### WHAT TO PRODUCE
Repeat exactly the stretch of lines that starts with the one containing "Papel De Presente" and ends with the last line of the material. Leave out pictures.

[DATASET CONTENT Boundary: Start]

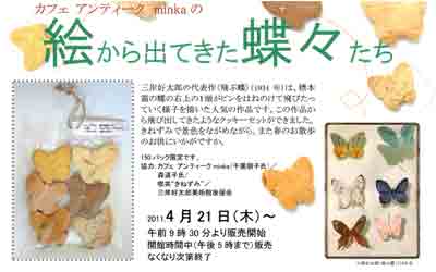 この4月21日より発売でご近所の三岸美術館でミンカでスィーツを作らせていただきました。1934年の三岸の作品”飛ぶ蝶”よりクッキーをやきました。ドライトマトやパンプキン等の味がたのしめます。使っている食材は野菜から育てたものもはいっています。体に優しい原料の選びとなっております。まだ雪が降っている札幌ですが(今日も吹雪、昨日も青空の中に吹雪の時間が! 春はもうすぐ、ガンバロ!)このクッキーが発売のころはすっかり雪も解けていて欲しいものです。こちらはカフェ担当の千葉さんが手作りしております。絵心のある千葉さんのクッキーどうぞ召し上がれ!
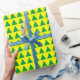 Papel De Presente Triângulos - Verde-Grama em Amarelo
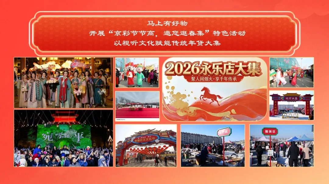 深化“视听+”文商旅体融合新模式,打造线上线下联动消费新场景。联合通州、顺义、丰台等区,联动京津冀、西藏、内蒙、云南等援建协作地区,开展“京彩节节高,邀您逛春集”特色活动,以视听文化赋能传统年货大集,实现内容、体验与传播的融合升级,让市民在沉浸式逛集中感受传统年味与当代视听文化的交融。推出“北京大视听潮玩”品牌,推动优质视听IP与线下生活深度融合,解锁潮流文化新体验。
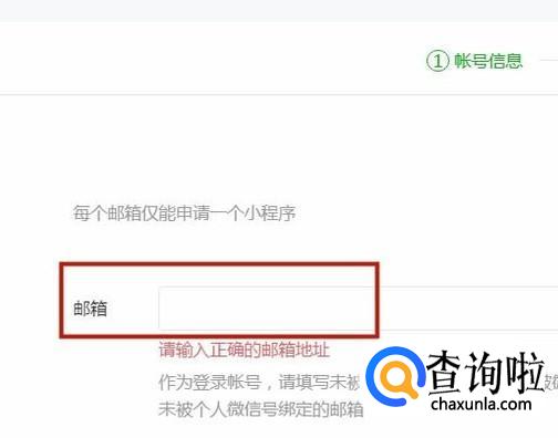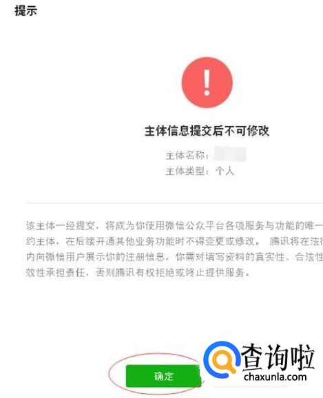 再往一步,看到了一个红色的叹号,提示你的主体信息一旦提交不可更改,你必须认真再检查一次,确定无误后点确定即可。

[DATASET CONTENT Boundary: End]

### ANSWER TO THIS PROBLEM
 Papel De Presente Triângulos - Verde-Grama em Amarelo
 深化“视听+”文商旅体融合新模式,打造线上线下联动消费新场景。联合通州、顺义、丰台等区,联动京津冀、西藏、内蒙、云南等援建协作地区,开展“京彩节节高,邀您逛春集”特色活动,以视听文化赋能传统年货大集,实现内容、体验与传播的融合升级,让市民在沉浸式逛集中感受传统年味与当代视听文化的交融。推出“北京大视听潮玩”品牌,推动优质视听IP与线下生活深度融合,解锁潮流文化新体验。
 再往一步,看到了一个红色的叹号,提示你的主体信息一旦提交不可更改,你必须认真再检查一次,确定无误后点确定即可。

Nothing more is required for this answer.